Here the ->> (thread) macro comes in handy to show the series of transforms we’re doing on the phoneme list: grab the phoneme from the phoneme/stress pair, look up the soft rhyme class, and finally reverse the whole thing since this is a suffix tree as described above. Once we have a path, we can use the get-in and assoc-in functions to work with the tree. This is much more straightforward than using just get and assoc:

(defn- add-word-to-rhyme-tree
  "Given a rhyme tree and a parsed word, add it to the tree and return
   a new tree"
  [tree [word phonemes]]
  (let [path (rhyme-tree-path-for phonemes)
        sub-tree (get-in tree path)
        words (:words sub-tree)]
    (assoc-in tree path (assoc sub-tree :words (cons word words)))))

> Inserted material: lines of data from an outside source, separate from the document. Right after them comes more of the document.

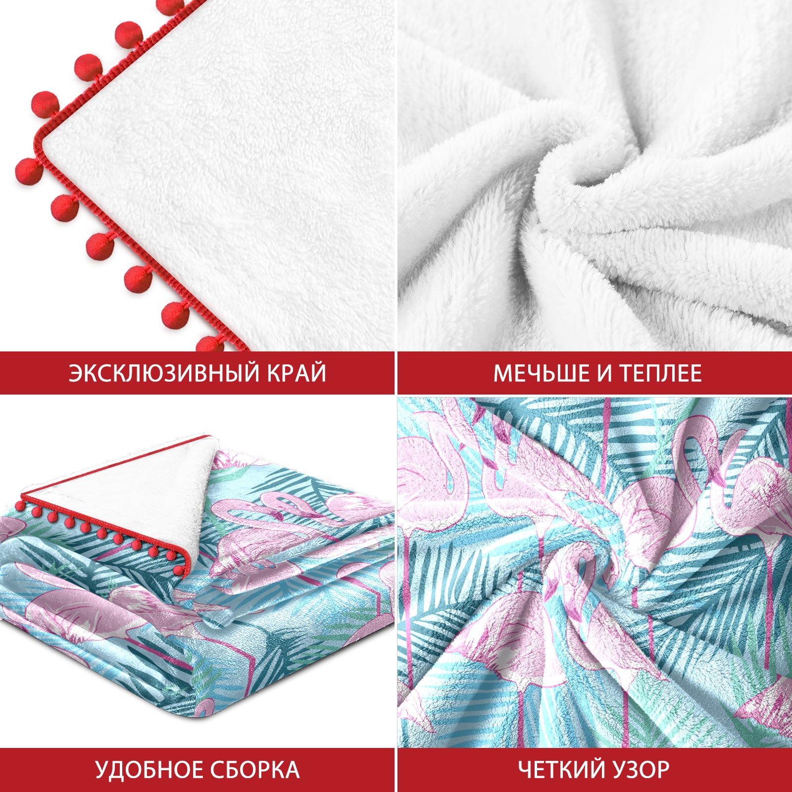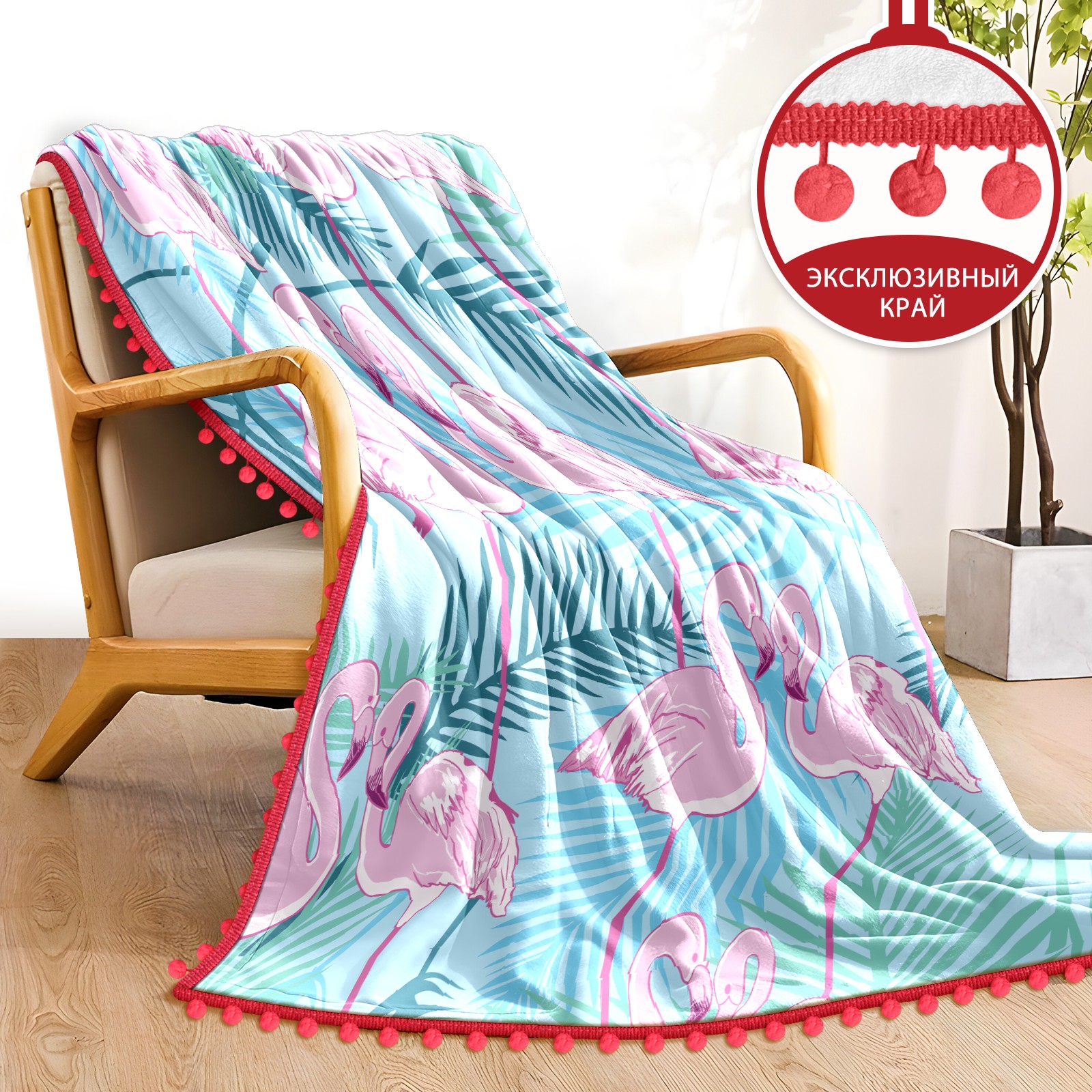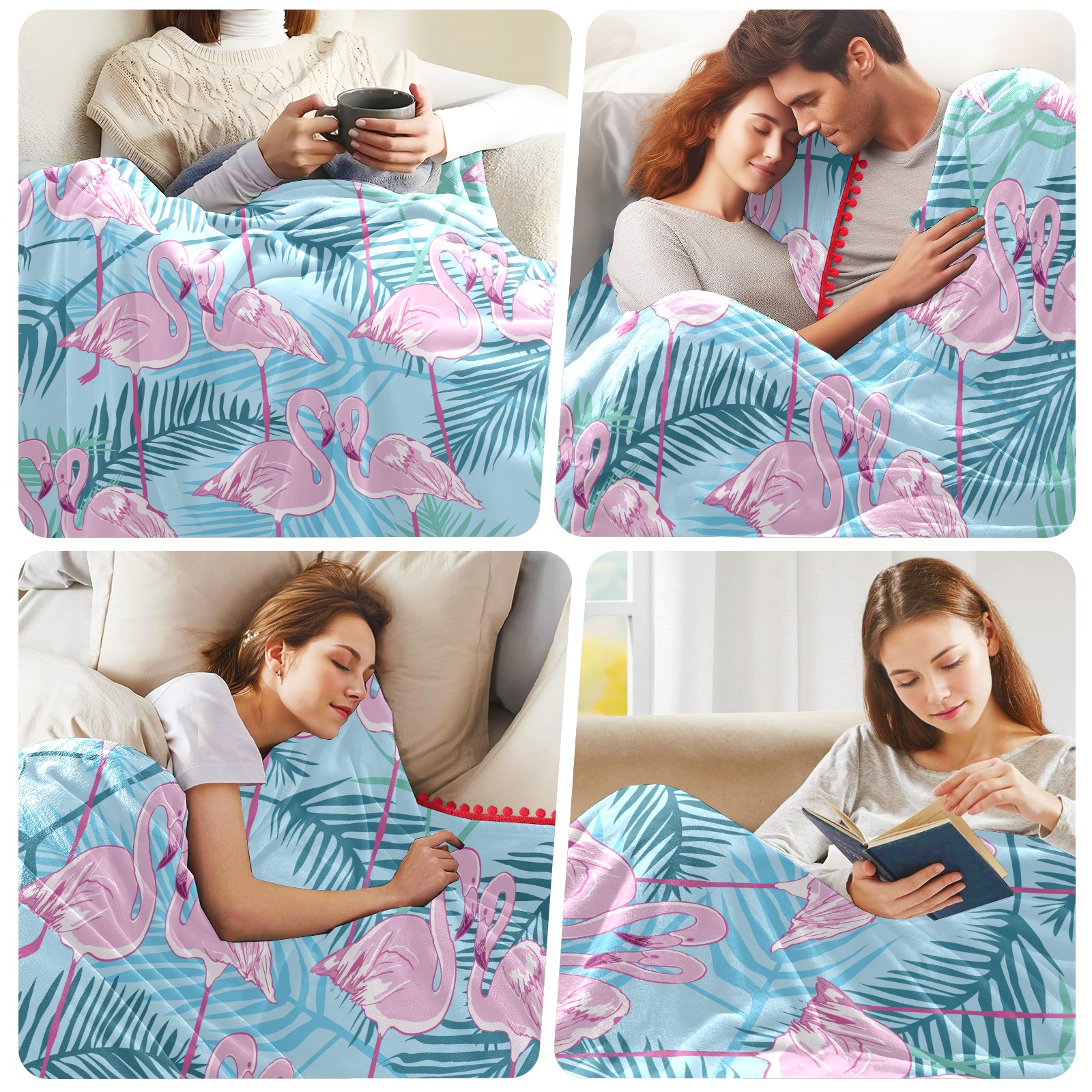 流苏毛毯 Pink Flamingos Green Forest Leaves
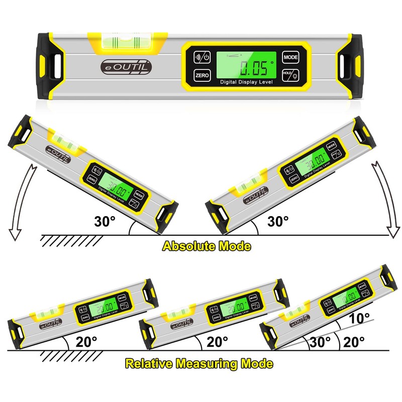 - Relative or Absolute Angle Measurement -- The regular absolute measurement mode can measure the angle against horizontal plane. This tool also features with relative measurement mode for quickly measuring angle between two measured surfaces. Hold function helps save the current angle on the display.
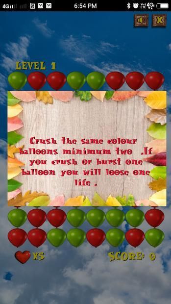 Match and crush the same colour balloons which are connected . You have to find or smash minimum two same colour balloons .If you smash or burst single then you will lose life .If all the life over then you have to start again or refresh the game . Also have to use some brain and logic to popup two balloons . More you match more than balloons more the levels you will pass . This game can be played by all enjoy the game.

Here we look up the current list of words (homophones) at a particular path in the tree and then cons the word into the list. We’re taking advantage of a few things here. First, assoc-in will create the entire path necessary and any missing maps along the path. Second, assoc is happy to take nil as its first parameter. It creates a new map. Similarly, cons treats nil as an empty seq:

user=> (assoc-in nil [:a :long :non-existant :path] "value")
{:a {:long {:non-existant {:path "value"}}}}

user=> (assoc nil "key" "value")
{"key" "value"}

user=> (cons "value" nil)
("value")

Little touches like this help make Clojure code much more compact than equivalent Java code which would be riddled with checks for null. This nil-handling also plays an important part in laziness.

Now, given a dictionary, we can pull this together to build the full rhyme tree. It’s a little anti-climactic:

(defn make-rhyme-tree
  "Make a rhyme tree from a pronouncing dictionary. This constructs the
   raw tree structure. See make-rhymer for the actual rhyme calculation"
  [dict]
  (reduce add-word-to-rhyme-tree {} dict))

Just apply add-word-to-rhyme-tree to the key/values in the dictionary, accumulating into an initially empty map. For the reasons given above, the initial value could also just be nil, but I think {} makes it clearer that we’re iteratively filling in a map.

Implementing Lookup

Now that we’ve got our suffix tree, we just need a function for looking up rhymes. We’ll define a function that, given a dictionary, returns a function we can use to look up rhymes. I think this kind of “encapsulation” is a neat feature of functional programming. Rather than having to keep track of the context (the dictionary) and always pass it to some function, like the make-rhyme-tree test above, we capture the context in a closure and return a function (or functions) to operate on that context.

Continuing from our tests above, here’s the test for our “rhymer” function:

(testing make-rhymer
  (it "returns a function that calculates rhymes for a word"
    (let [rhymer (make-rhymer dict)]
      (= #{"BETTY" "READY" "SPAGHETTI" "MACARONI"} (set (rhymes "MACARONI" 1)))
      (= #{"BETTY" "READY" "SPAGHETTI" }           (set (rhymes "BETTY" 2)))))
  (it "returns a function that returns an empty seq for unknown words"
    (let [rhymes (make-rhymer dict)]
      (empty? (rhymes "MACARONIX" 1)))))

We turn results into sets so we don’t have to worry about the ordering of the results.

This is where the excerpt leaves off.